[Start of Attachment]

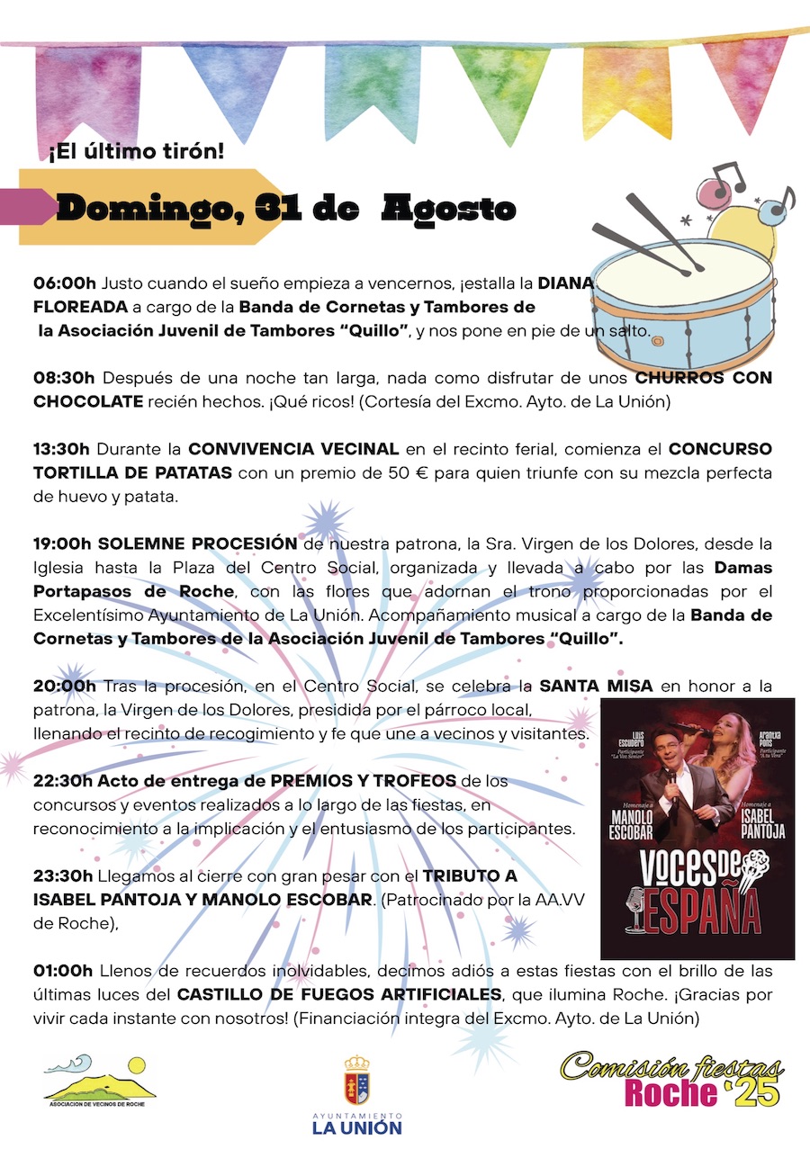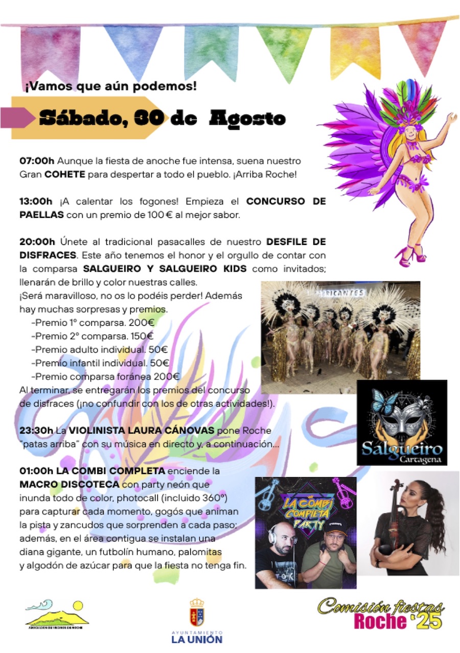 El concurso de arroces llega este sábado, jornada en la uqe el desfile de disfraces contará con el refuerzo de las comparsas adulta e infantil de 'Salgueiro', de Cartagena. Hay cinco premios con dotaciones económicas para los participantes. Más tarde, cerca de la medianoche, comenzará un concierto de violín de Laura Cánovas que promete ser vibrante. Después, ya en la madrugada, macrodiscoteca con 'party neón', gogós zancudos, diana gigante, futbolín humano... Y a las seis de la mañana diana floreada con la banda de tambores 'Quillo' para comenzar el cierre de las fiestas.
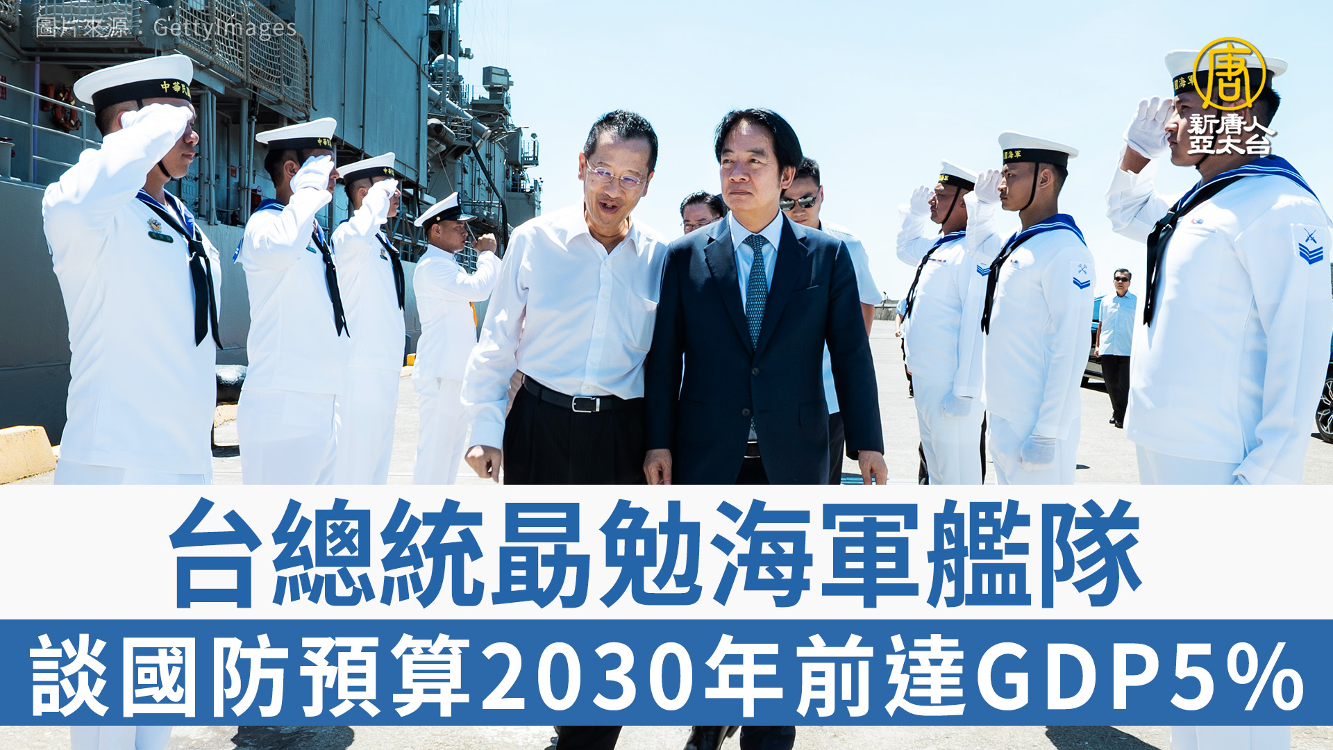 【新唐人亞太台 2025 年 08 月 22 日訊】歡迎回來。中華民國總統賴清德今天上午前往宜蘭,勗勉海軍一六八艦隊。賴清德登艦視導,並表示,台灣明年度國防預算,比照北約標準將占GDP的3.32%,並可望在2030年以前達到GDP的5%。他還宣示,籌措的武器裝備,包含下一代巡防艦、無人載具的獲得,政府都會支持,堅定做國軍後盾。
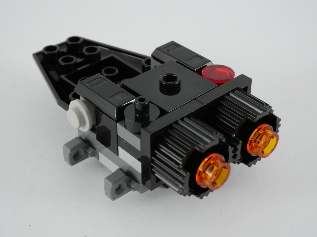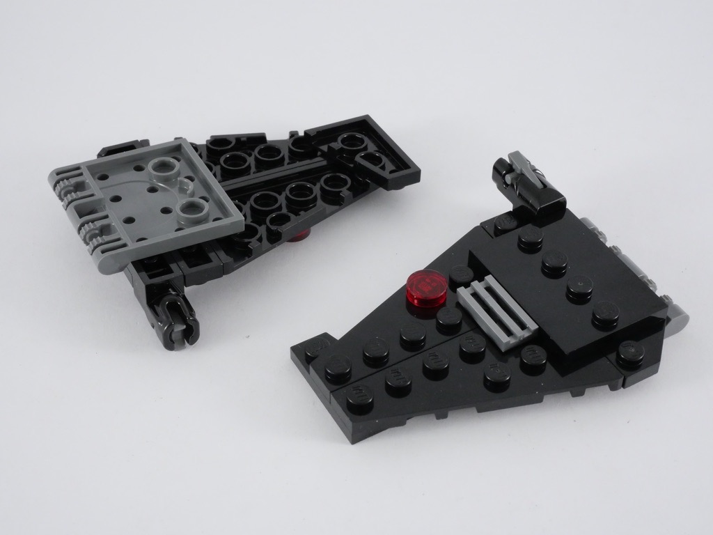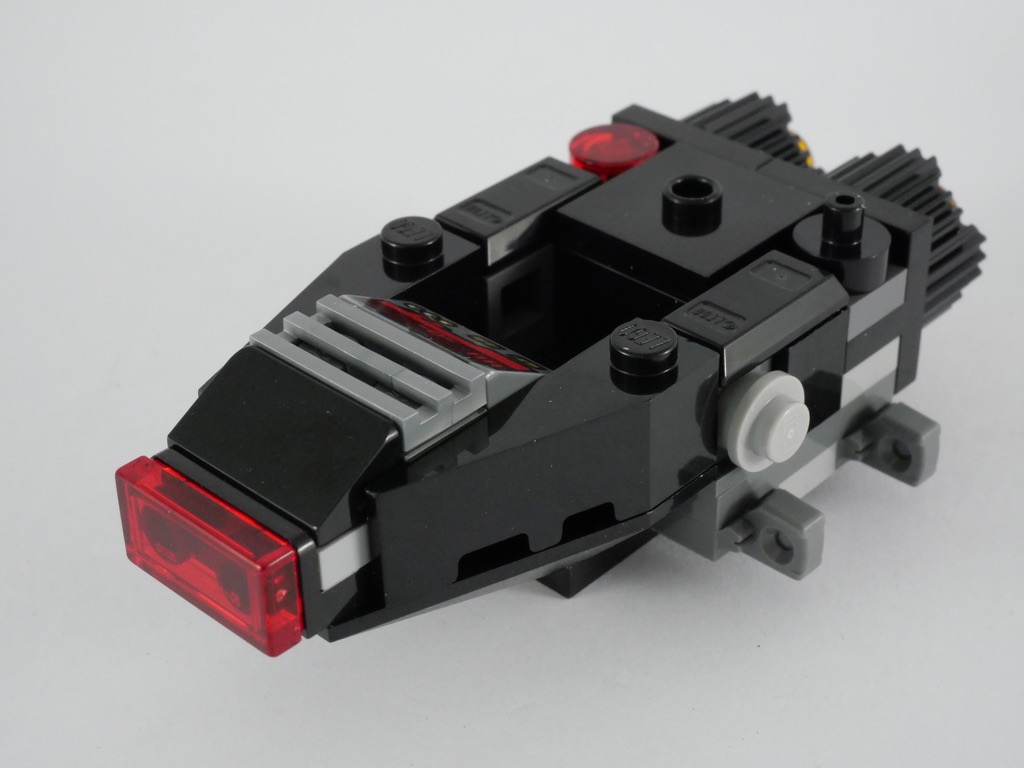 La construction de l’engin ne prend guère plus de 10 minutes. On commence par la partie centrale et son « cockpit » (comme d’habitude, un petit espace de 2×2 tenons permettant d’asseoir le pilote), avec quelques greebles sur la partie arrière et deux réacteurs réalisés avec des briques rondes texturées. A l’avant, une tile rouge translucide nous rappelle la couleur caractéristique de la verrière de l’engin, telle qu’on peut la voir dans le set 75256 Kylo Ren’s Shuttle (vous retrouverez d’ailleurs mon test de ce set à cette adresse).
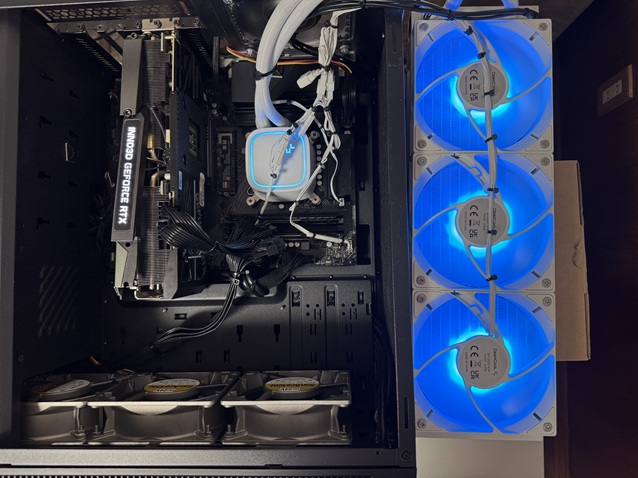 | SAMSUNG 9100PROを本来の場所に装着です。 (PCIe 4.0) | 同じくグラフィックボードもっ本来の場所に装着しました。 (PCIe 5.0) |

[End of Attachment]

- _Task details_:
Once you have returned the line containing "2025 年 08 月", stop; begin at the first line of the material, keep each line exact, and skip the pictures.

- _Solution for this exercise_:
 El concurso de arroces llega este sábado, jornada en la uqe el desfile de disfraces contará con el refuerzo de las comparsas adulta e infantil de 'Salgueiro', de Cartagena. Hay cinco premios con dotaciones económicas para los participantes. Más tarde, cerca de la medianoche, comenzará un concierto de violín de Laura Cánovas que promete ser vibrante. Después, ya en la madrugada, macrodiscoteca con 'party neón', gogós zancudos, diana gigante, futbolín humano... Y a las seis de la mañana diana floreada con la banda de tambores 'Quillo' para comenzar el cierre de las fiestas.
 【新唐人亞太台 2025 年 08 月 22 日訊】歡迎回來。中華民國總統賴清德今天上午前往宜蘭,勗勉海軍一六八艦隊。賴清德登艦視導,並表示,台灣明年度國防預算,比照北約標準將占GDP的3.32%,並可望在2030年以前達到GDP的5%。他還宣示,籌措的武器裝備,包含下一代巡防艦、無人載具的獲得,政府都會支持,堅定做國軍後盾。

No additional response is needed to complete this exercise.